I’m not saying that God has left me. God is still here with me. I feel HIS presence and I know that He will not stay silent forever. This is a time of reflection and learning.

I was able to drive to Georgia to spend a few days with my daughter, Kiowa, who has been in Georgia since the beginning of April. Talon, Ty and I drove down to see her and spend Mother’s Day with her. Kiowa lives out in the boonies. Seriously, her town is a few houses that share a zip code and nothing more! She has no internet and no cell phone connection for those of us with companies that aren’t Verizon. Kiowa has service most of the time, but the boys and I did not. Internet services do not provide services to her area, she will blow through the gigs with a hot spot, so she will more than likely have to get satellite. Talon was going crazy without his phone and camped out at the only hot spot in the house. I still had my phone glued to my hip, even though it was a useless accessory at that point. About 3 days in, I realized that God was trying to teach me something here. There is peace in being unplugged. When I finally give up on trying to find a “connection,” let go of the constant need to watch something or be on my lap top, I will hear God again. I will again find the most important “connection” that I don’t ever want to lose.

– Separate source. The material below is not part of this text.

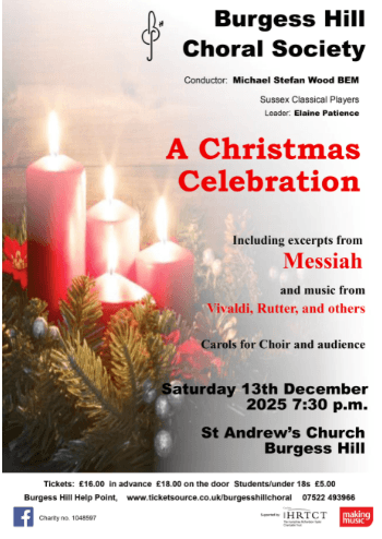 | Details | Join Burgess Hill Choral Society for their Christmas Concert at St Andrew’s Church, including excerpts from Messiah and music from Vivaldi, Rutter, plus others. There will also be Carol singing for the audience. It will be held on Saturday 13 December, from 7.30-9.45pm, with refreshments available during the interval. Tickets are £16 in advance, £18 on door, under-18s £5. They are available from: Burgess Hill Help Point, Jane Leng (Jane.Leng1@outlook.com or 0752 249 3966), via TicketSource or on the door. For more information contact: John Newton 07783 950770 Don’t miss out on their ever-popular Christmas Concert! |
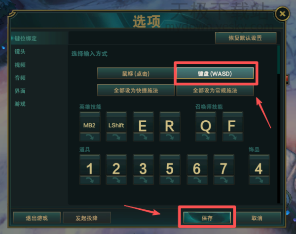 1.下载并打开最新版本的英雄联盟,进入游戏,点击【ESC】调出设置面板,在基础设置中,点击右侧【键盘(WASD)】,然后可以看到所有技能的改键情况,原先的Q技能和W技能改成了“鼠标右键”和“键盘左shift”,召唤师技能改成了“Q”和“F”键位,攻击指令改成了“鼠标左键”,确认所有键位后,点击下方保存。

So, back to the land of cell phones, lap tops, and Facebook, I am shutting it all off and spending time with God. It won’t be easy. Why is it so hard to make time for the ONE that I love with all of my heart? Why do I let all of these things get in the way of my relationship with HIM?

God has given me a ministry of prayer. I have seen some things at the world level start to happen in answer to my prayers. I am in awe that God gives us the privilege to partner with Him in His ministry and will. I cannot pray efficiently when I let technology and the busyness of life take priority over what God wants me to do. I need to unplug on a daily basis and put God’s ministry first. I have finally found my God given ministry. I now need to make it a priority.

God’s silence doesn’t mean that He has left us. Sometimes, it simply means that we have something to learn.